Bank Soal HOTS Mengidentifikasi Teks Deskripsi
Soal 9
Perhatikan teks berikut!
Ruang perpustakaan itu sangat tenang. Rak-rak buku tersusun rapi, aroma kertas terasa khas, dan cahaya lampu membuat suasana nyaman untuk membaca.
Simpulan yang tepat berdasarkan teks tersebut adalah …
A. Teks tersebut menceritakan pengalaman
B. Teks tersebut menggambarkan suasana tempat
C. Teks tersebut menjelaskan prosedur
D. Teks tersebut berisi argumentasi
Jawaban: B
Pembahasan:
Teks tersebut menggambarkan suasana perpustakaan sebagai sebuah tempat.
Soal 10
Alasan utama teks tersebut termasuk teks deskripsi adalah …

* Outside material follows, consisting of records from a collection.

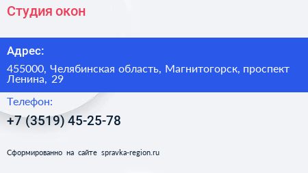 Студия окон по адресу 455000, Челябинская область, Магнитогорск, проспект Ленина, 29 в дальнейшем Организация, размещена в следующих категориях:
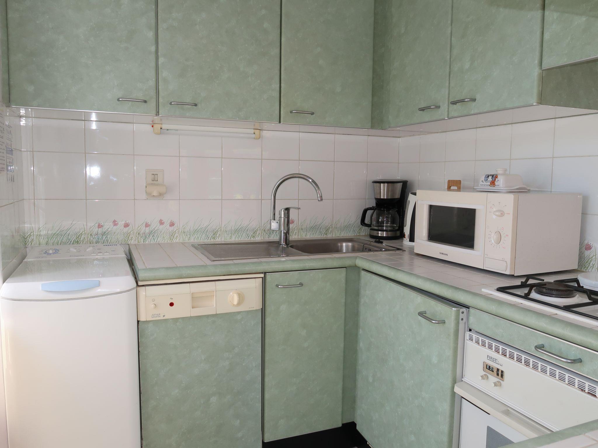 "Jasmin", 3-room apartment 50 m2, on the ground floor. Practical furnishings: living/dining room with dining table and satellite TV. Exit to the terrace. 1 room with 1 french bed (140 cm, length 190 cm). 1 room with 2 beds (90 cm, length 190 cm). Small, open kitchen (1 hot plate, oven, dishwasher, 3 gas rings, toaster, kettle, microwave, electric coffee machine). Shower, sep. WC. Electric heating. Carpet. Terrace. Terrace furniture, barbecue (portable), deck chairs (2). Facilities: washing machine, baby cot. Internet (WiFi, free). Please note: non-smokers only. Private entrance, smoke alarm.
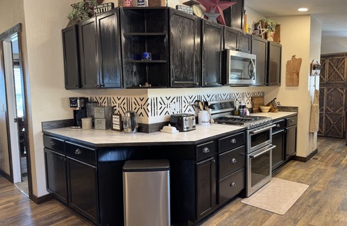 Welcome to Rangeline Retreat, a one-of-a-kind country Western escape that blends rustic charm with modern sophistication. Perfect for events, romantic getaways, or family vacations. Great for outdoorsmen and fishermen with families—enjoy high-speed WiFi, a gourmet kitchen, spa-style baths, and plenty of outdoor space to relax, unwind, and park boats, trailers, or extra vehicles with ease. Cozy up by the fire pit, play yard games, or sip coffee on the swing.
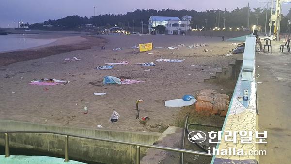 노상객들이 밤 사이 술판을 벌인 뒤 쓰레기를 그대로 놔두고 가면서 백사장인지 쓰레기장인지 구분하기 어려웠다.
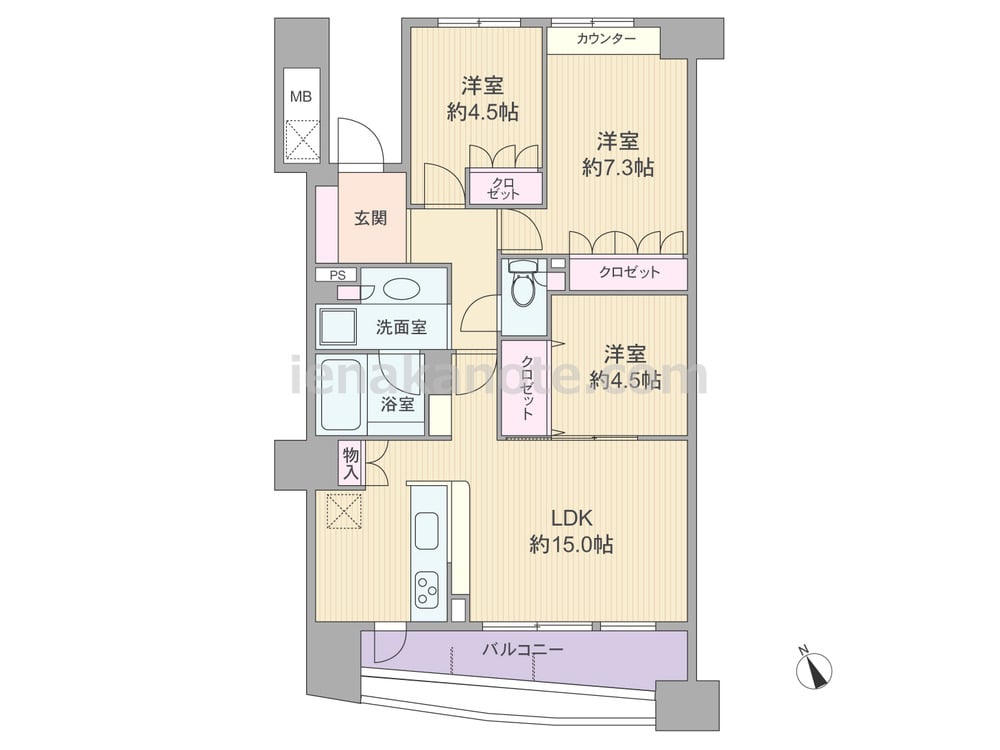 専有面積69.21平米の3LDK。玄関先から室内を見通せない、プライバシーを保ちやすいプラン。LDKは約15.0帖、キッチンは対面式で、バルコニーへの勝手口があるのもポイント。洋室約4.5帖へはLDKを通って出入りし、引き戸を開放すればLDK約19.5帖大にプラン変更できます。各居室に収納があり、キッチン背面にも物入付き。バルコニーは約10.28平米あります。
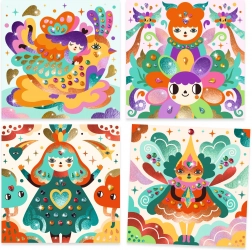 A DJECO fóliaképek nemcsak szép szórakozást jelentenek, hanem a gyerekek kreativitásának és kézügyességének fejlesztésére is alkalmasak. Ez a készlet tartalmaz:
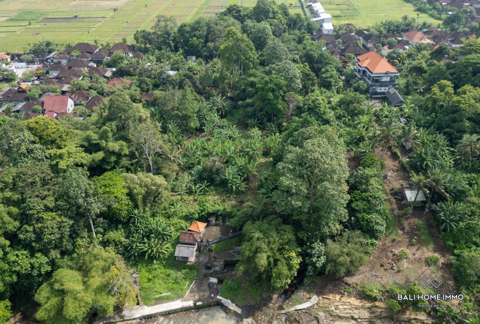 This uniquely shaped plot sits adjacent to a traditional temple and borders a small river, creating a truly distinctive landscape and spiritual ambiance that’s hard to find elsewhere. The land benefits from a 3-meter-wide road access, making it easy for construction and daily transport. It is relatively flat, with an open view over the tropical greenery — ideal for developing a villa or a small wellness retreat that embraces nature and privacy. The peaceful local neighborhood adds to its charm, offering a genuine Balinese village atmosphere that complements the site’s scenic beauty.
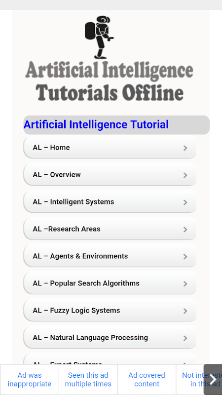 -> Artificial Intelligence Tutorial Offline come with complete comprehensive and responsive layout.

A. Mengandung urutan waktu
B. Menyajikan fakta sejarah
C. Menggambarkan objek secara detail
D. Mengajak pembaca melakukan sesuatu
Jawaban: C
Pembahasan:
Ciri utama teks deskripsi adalah penggambaran objek secara rinci.

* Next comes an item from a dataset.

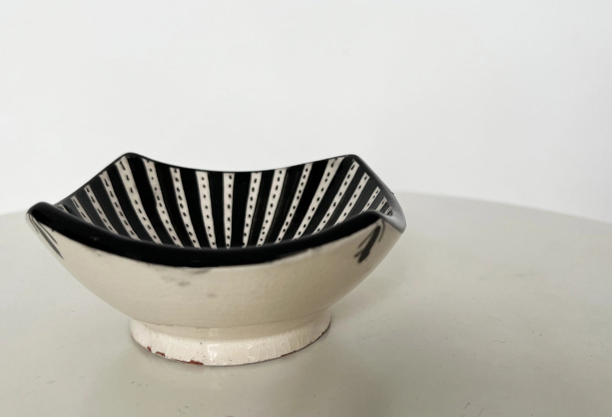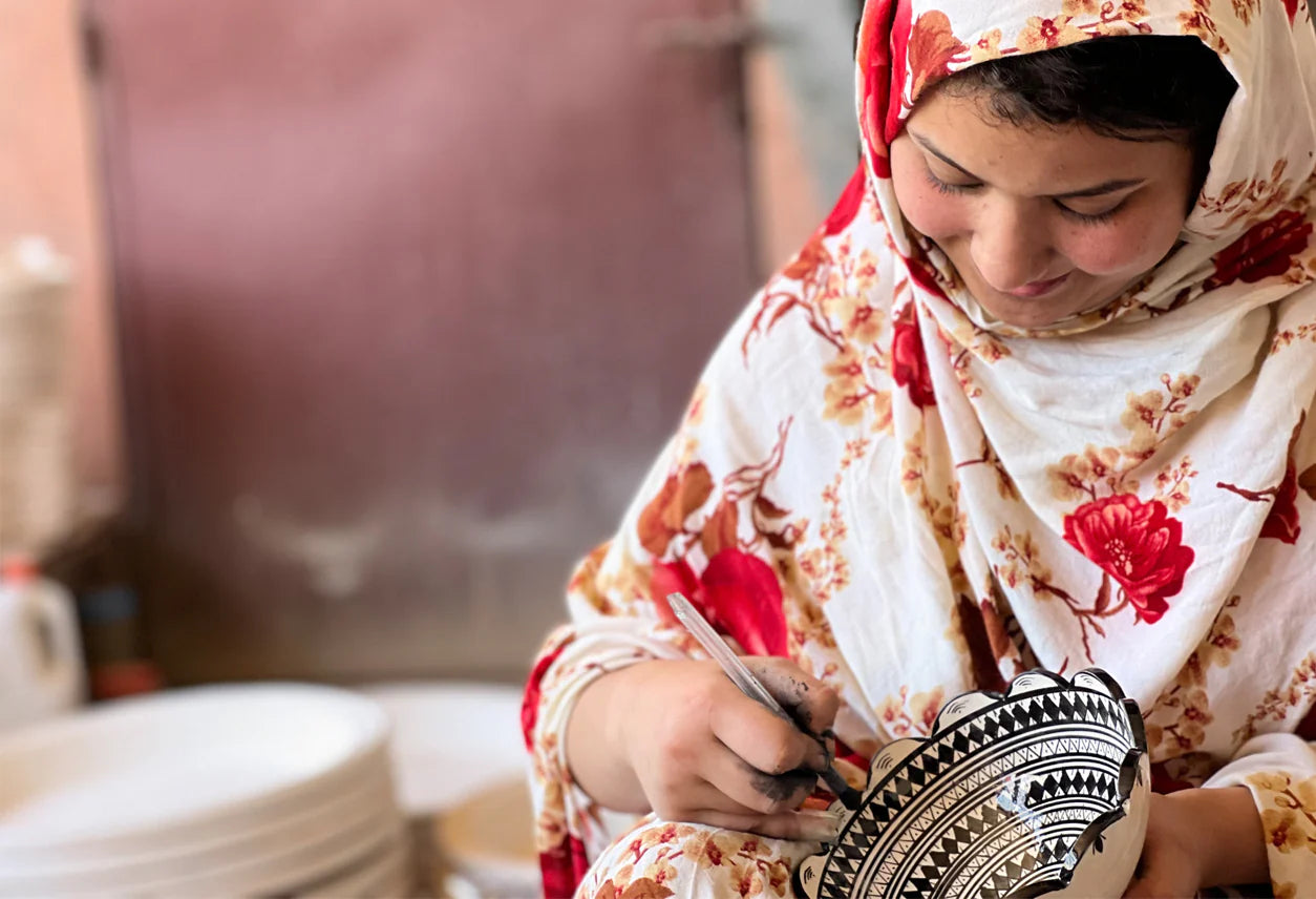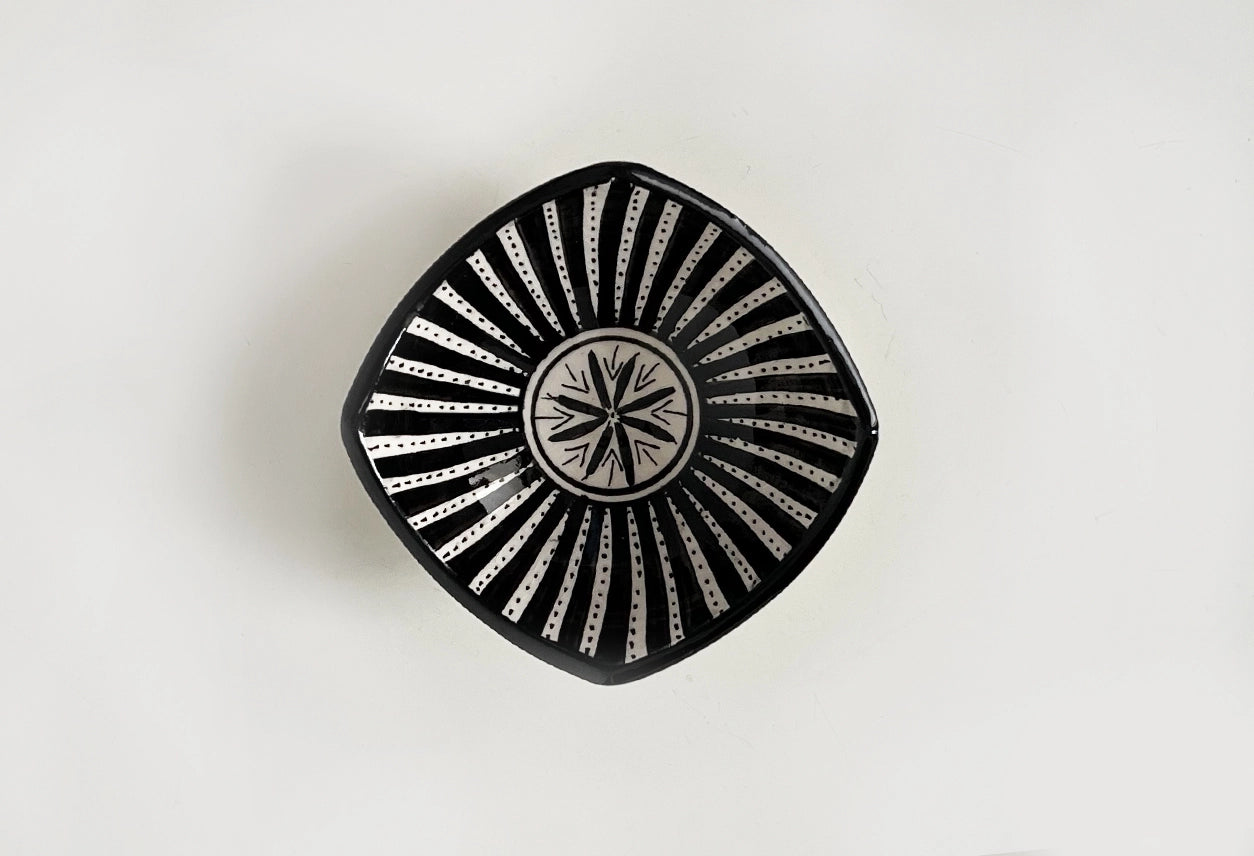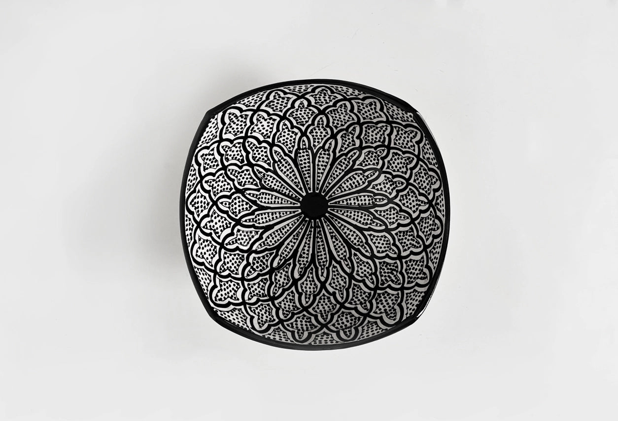 Safi, Morocco, an industrial port town on the rugged Atlantic coast, isn’t a place where tourists flock—but pottery lovers make pilgrimages there to see the stunning ceramics that Safiot artisans have made for centuries. These dishes, with their stunning geometric arabesques, are especially vivid examples of their art. From extracting local clay from the ground, to preparing it, molding it, drying it, shaping it, hand-painting it and firing it, they’re created completely by hand using ancient production methods. On your counter or dinner table, they'll add vibrant, timeless style to whatever you're serving. Handmade in Morocco. Due to the handmade nature of this item, each is unique and will vary.

Bank Soal Uraian Mengidentifikasi Teks Deskripsi
Soal 11
Jelaskan pengertian teks deskripsi!
Jawaban:
Teks deskripsi adalah teks yang bertujuan menggambarkan suatu objek secara rinci dan jelas sehingga pembaca seolah-olah dapat merasakan objek tersebut melalui pancaindra.
Soal 12
Sebutkan tiga ciri utama teks deskripsi!
Jawaban:
Tiga ciri utama teks deskripsi adalah menggambarkan objek secara detail, menggunakan kata sifat, dan melibatkan pancaindra.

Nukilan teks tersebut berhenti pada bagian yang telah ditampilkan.